Understanding Chunking in RAG and Embedding Pipelines

TL;DR

Chunking is the process of splitting large documents into smaller, semantically coherent segments called chunks (or partitions) before embedding them for retrieval. Good chunking preserves meaning across boundaries, keeps each chunk within embedding model limits, and directly impacts the relevance of search results. In LM-Kit.NET, the IChunking interface defines the chunking contract, with three concrete implementations: TextChunking for plain text, MarkdownChunking for Markdown, and HtmlChunking for HTML. These integrate directly with the RagEngine to control how documents are partitioned before embedding.

What is Chunking?

Definition: Chunking is the step in a Retrieval-Augmented Generation (RAG) pipeline that divides source documents into smaller units suitable for embedding and similarity search. Each chunk becomes a Partition in LM-Kit.NET, with its own embedding vector that can be compared against a user query during retrieval.

Why Chunking Matters

Chunking is the bridge between raw documents and effective retrieval. The quality of your chunks directly determines:

Retrieval Precision: Chunks that are too large dilute relevant information with noise. The retrieval system returns the right document but buries the answer inside irrelevant context.
Retrieval Recall: Chunks that are too small lose the surrounding context needed to understand a fact. The system retrieves a fragment that the model cannot interpret meaningfully.
Embedding Quality: Embedding models have a maximum input length. Text exceeding that limit is truncated, losing information silently.
Context Window Efficiency: Each retrieved chunk consumes tokens in the model's context window. Well-sized chunks maximize useful information per token.
Generation Quality: When the model receives coherent, self-contained chunks as context, it produces more accurate, grounded responses with fewer hallucinations.

Chunking Strategies

Fixed-Size Chunking

The simplest approach: split text into segments of N tokens with an overlap of M tokens between consecutive segments. Fast and predictable, but blind to document structure.

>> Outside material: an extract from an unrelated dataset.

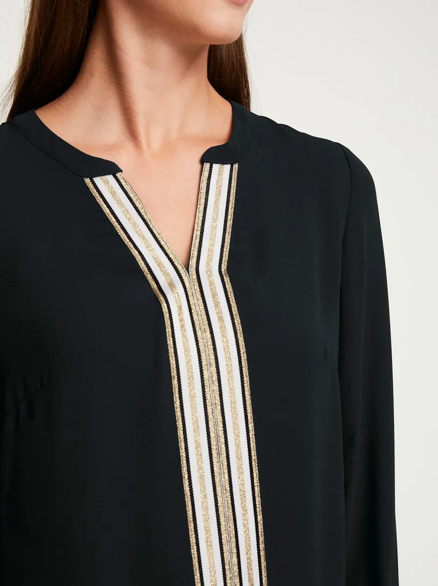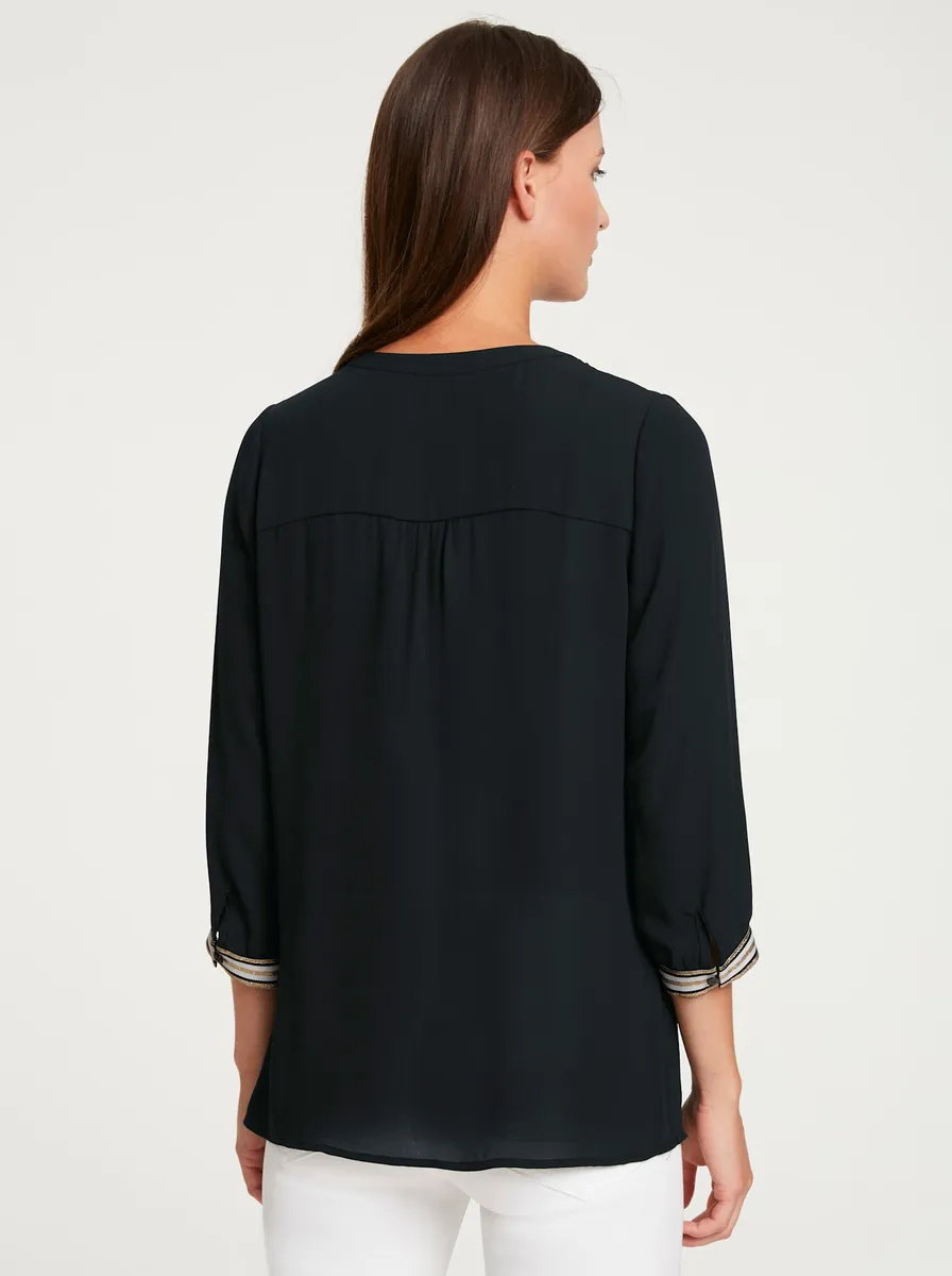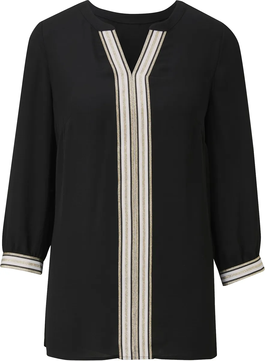Блузка Современная блузка без шнуровки со спортивной контрастной отделкой и тонкими блестящими эффектами. Прилегает к фигуре, с пуговицей на V-образном вырезе и рукавами 3/4. 100% полиэстер.

Document: [===========================================]

Fixed chunks (overlap = 50 tokens):
  Chunk 1: [=========]
  Chunk 2:        [=========]
  Chunk 3:               [=========]
  Chunk 4:                      [=========]

Trade-offs: Easy to implement, consistent chunk sizes, but frequently breaks sentences, paragraphs, and logical sections mid-thought.

Structure-Aware Chunking

Splits text along natural boundaries: paragraphs, headings, list items, table rows, or code blocks. Each chunk respects the document's logical organization, preserving semantic coherence.

Markdown document:
  # Section A           --> Chunk 1 (heading + paragraph)
  Paragraph text...

  ## Section A.1        --> Chunk 2 (subheading + list)
  - Item 1
  - Item 2

  # Section B           --> Chunk 3 (heading + paragraph)
  Paragraph text...

Trade-offs: Better semantic coherence, but requires parsing the document format. Chunk sizes vary depending on the document structure.

Recursive Chunking

A hybrid that first tries structure-aware splits (headings, paragraphs), then falls back to sentence boundaries, and finally to fixed-size splits for very long sections. This is the strategy used by LM-Kit.NET's TextChunking class.

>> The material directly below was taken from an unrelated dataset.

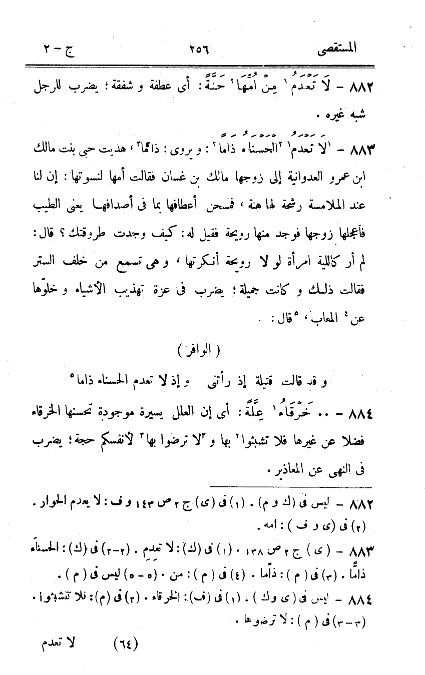 883 - لَا تعدم الْحَسْنَاء ذاما ويروى ذاما هديت حَتَّى بنت مَالك ابْن عَمْرو العدوانية إِلَى زَوجهَا مَالك بن غَسَّان فَقَالَت أمهَا لنسوتها إِن لنا عِنْد الْمُلَامسَة رشحة لَهَا هنة فمسحن أعطافها بِمَا فى أصدافها يعْنى الطّيب فأعجلها زَوجهَا فَوجدَ مِنْهَا رويحة فَقيل لَهُ كَيفَ وجدت طروقتك قَالَ لم أر كاللية امْرَأَة لَوْلَا رويحة أنكرتها وهى تسمع من خلف السّتْر فَقَالَت ذَلِك وَكَانَت جميلَة يضْرب فى عزة تَهْذِيب الْأَشْيَاء وخلوها عَن المعاب قَالَ

Practical Application in LM-Kit.NET SDK

LM-Kit.NET provides three chunking implementations through the IChunking interface. Each respects a different document format and can be plugged into the RagEngine pipeline.

1. TextChunking (Plain Text)

The default chunker. Uses a recursive strategy that respects paragraph boundaries and sentences before falling back to token-level splits.

MaxChunkSize: Target maximum chunk size in tokens. Default: 500.
MaxOverlapSize: Number of overlapping tokens between consecutive chunks. Default: 50.
KeepSpacings: Preserve original whitespace and layout. Default: false.

2. MarkdownChunking (Markdown)

Parses Markdown structure and splits along heading boundaries, keeping each section as a self-contained chunk. Ideal for documentation, README files, and knowledge bases authored in Markdown.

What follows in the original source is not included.